In 1934, Coldstream, having declared, 'I am finished with painting', joined the GPO Film Unit under John Grierson, as a 'part-time freelance Assistant Director' on 30/- a week. He worked on films about the Post Office Savings Bank, the story of the wheel, locomotives, farming and Coal Face, about the mining industry. In the Film Unit his collaborators included W. H. Auden and Benjamin Britten. He continued to paint, however, and eventualy an annual stipend from Kenneth Clark (in response to the Plan for Artists that Coldstream wrote with his friend and fellow artist, Graham Bell) enabled him to return to full-time painting in 1937.

 

 

 

Later that same year, Coldstream, Claude Rogers, Graham Bell and Victor Pasmore, co-founded a School of Drawing and Painting, known as the Euston Road School, with which their circle would become synonymous. Though he became principally a portrait painter, Coldstream's political commitment was witnessed by his 1938 painting trip with Bell to Bolton, Lancashire as part of Mass Observation's social survey of Britain.

 

 

 

In 1940, he enlisted in the army and trained as a gunner until, again thanks to Kenneth Clark, commissioned as an official war artist in 1943. He travelled first to Egypt and on to Italy in 1944. He returned to London in July 1945 and joined the staff of Camberwell School of Arts and Crafts in November.

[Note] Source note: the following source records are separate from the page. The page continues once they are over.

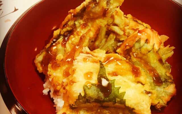 【日光紅鱒岩魚天丼】日光紅鱒(ヤシオマス)・岩魚・日光舞茸・日光生ゆばを天丼でご賞味ください。 ¥1,500(¥1,650税込)
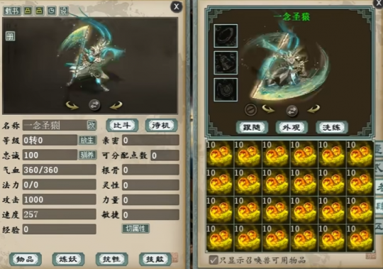玩家从零级开始,准备给一只大话西游2一念圣猿吃神兽丹,咱们看看开格子到底顺不顺利!
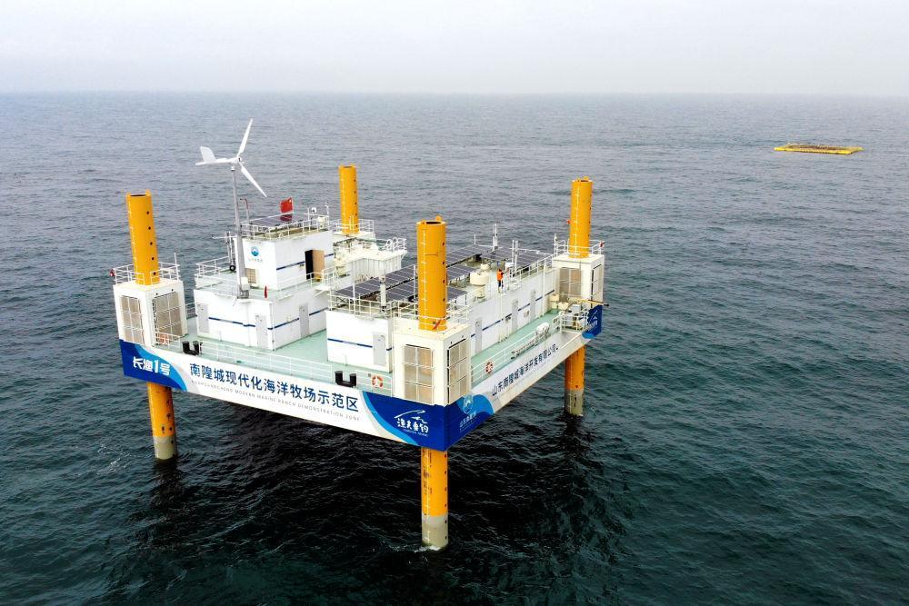 這是應用5G技術的山東長島綜合試驗區南隍城國家級海洋牧場示范區海上平臺(2020年8月8日攝,無人機照片)。中國(山東)自由貿易試驗區設立以來,一系列大膽試、大膽闖、自主改的政策逐步落實,制度創新打通堵點、釋放活力,成為深化對外開放、發展海洋經濟的重要抓手。
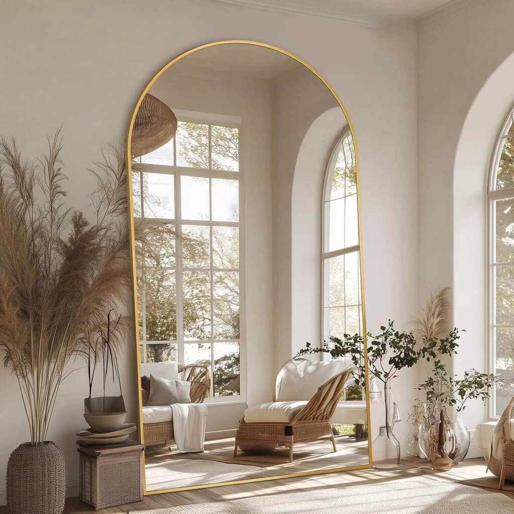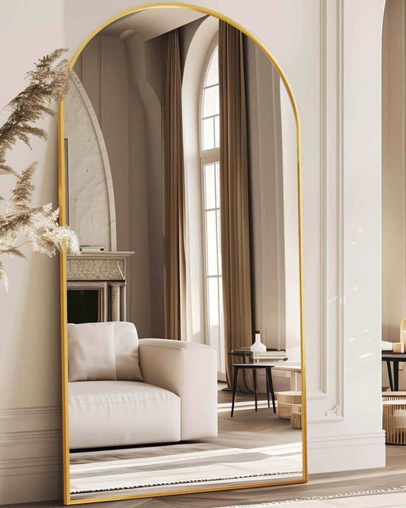 Add elegance and functionality to your room with this 91″x46″ Full-Length Arched Mirror (Color:Gold). Its sleek aluminum frame and arched design create a classy look while remaining lightweight and easy to move. Made with HD-imaging, explosion-proof glass, it ensures clear reflections and safe use. Customers love how it brightens their space, fits perfectly, and feels sturdy, with many praising the secure packaging and quick delivery. Versatile for standing or wall-mounting, it’s a stylish addition that enhances any room instantly.
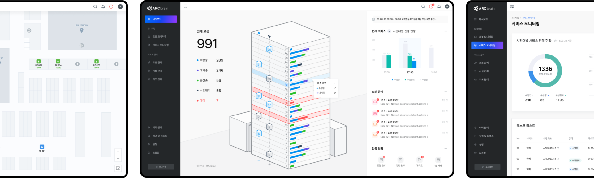 ARC Brain은 로봇-서비스-사용자를 실시간으로 연결해주는 허브 서비스입니다. 실시간 서비스 요청 사항과 로봇의 수행 현황 파악이 가능한 Monitoring UX/UI Design을 진행하였습니다.
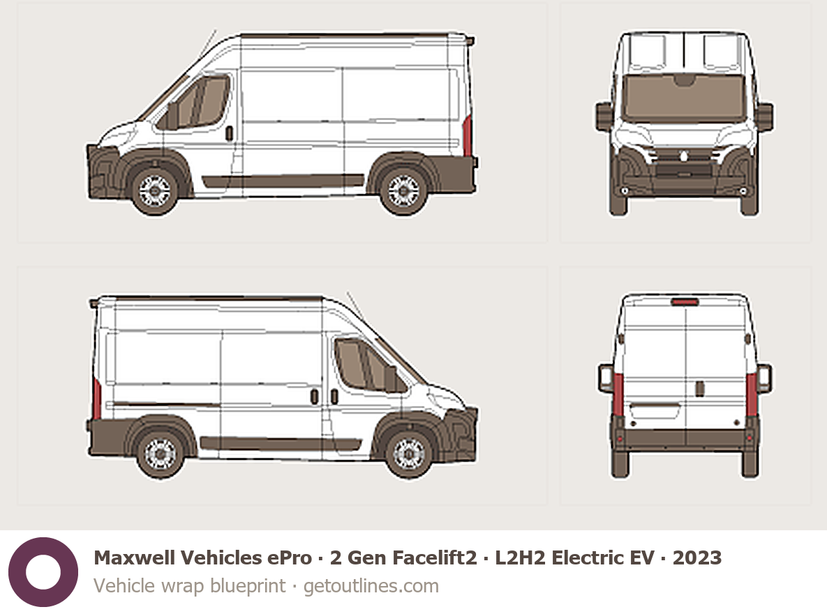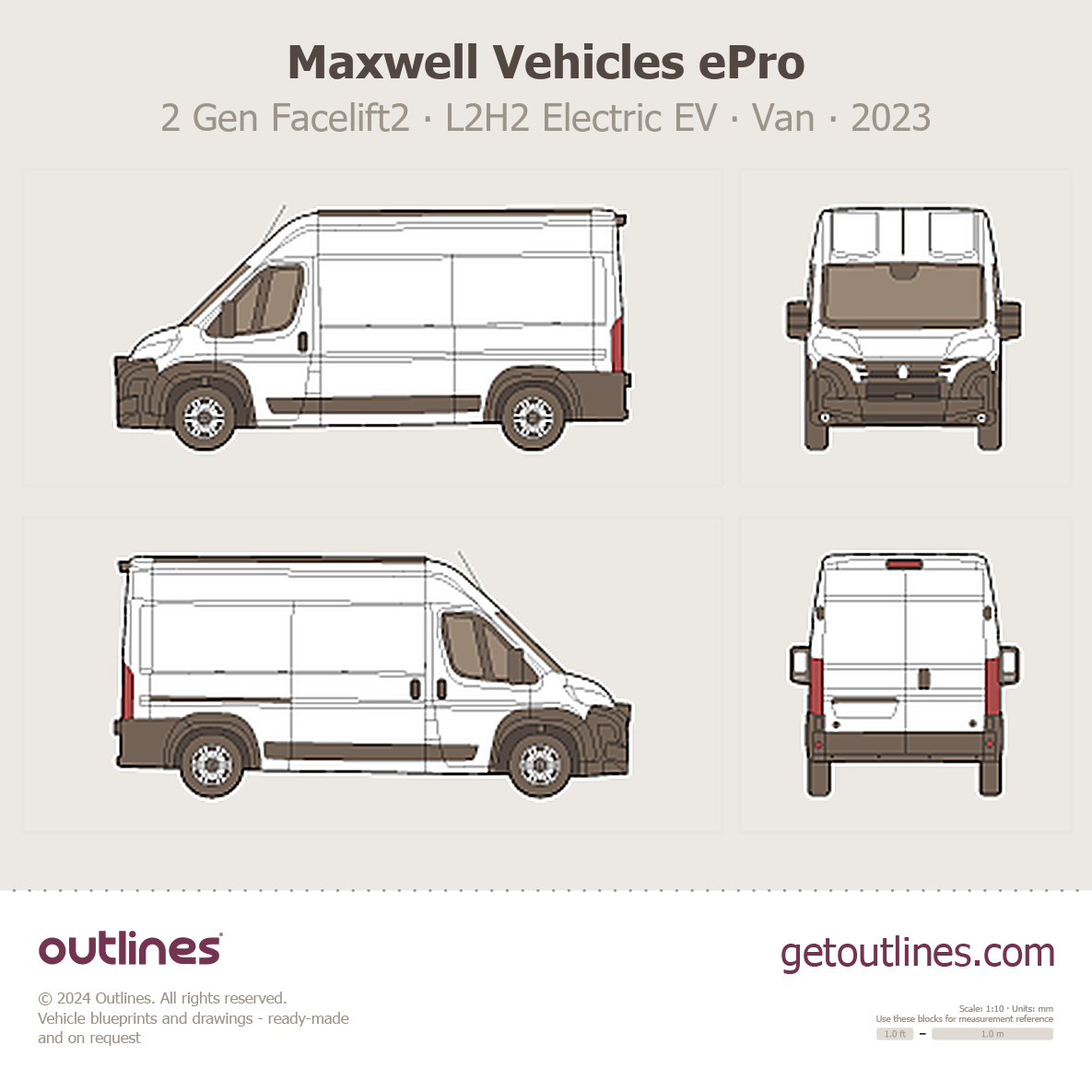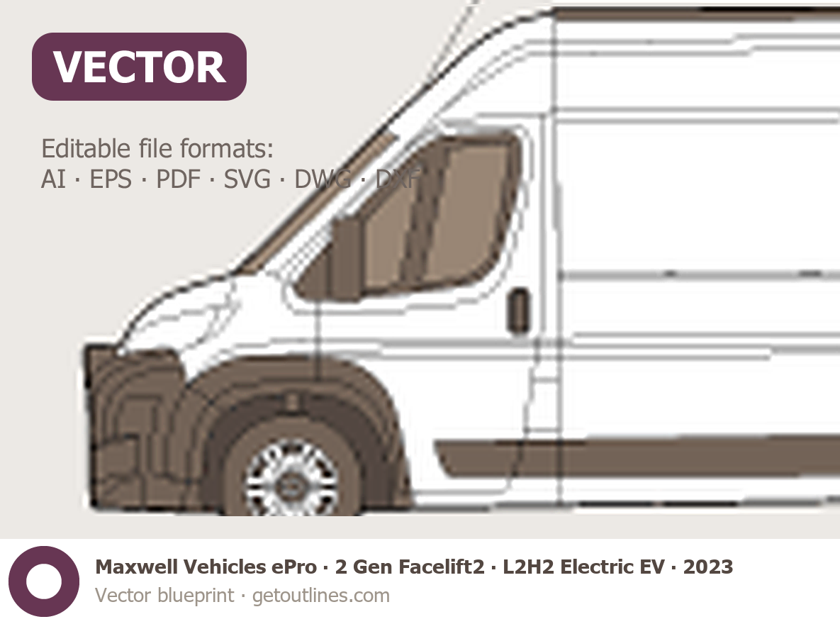 Buy this Maxwell Vehicles ePro 2 Gen Facelift2 blueprint and line drawing in high-quality editable vector file formats. Best for 3D and car wrap design.

He became Head of Painting there in 1948, before being appointed Slade Professor of Fine Art, University College, London the following year.

 

 

 

Through his position at the Slade, Coldstream was appointed to numerous positions in the wider art. He was a Trustee of the National Gallery (1948-1963); Trustee of the Tate Gallery (1949-1963); Chairman of the Arts Panel, Arts Council of Great Britain (1953-1962); Board of Directors, the Royal Opera House (1957-1962); Chairman, National Advisory Council on Art Education (1958-1971), during which time two important reports were published under his name in 1960 and 1970: Vice-Chairman, Arts Council of Great Britain (1962-1970); Chairman, British Film Institute (1964-1971).

 

 

 

These responsibilities, which were rewarded by a CBE in 1952 and a knighthood in 1956, and his famously slow working methods restricted Coldstream's production to three or four paintings a year. As a result, he rarely showed his work: a touring retrospective in 1962 was his first one-person exhibition, though others followed in 1976 and 1984 at the Anthony d'Offay Gallery. His marriage to Nancy having ended during the war, Coldstream had married his former model, Monica Hoyer, in 1961. He retired from the Slade in 1975 and, following some years of ill-health, died on 18th February 1987.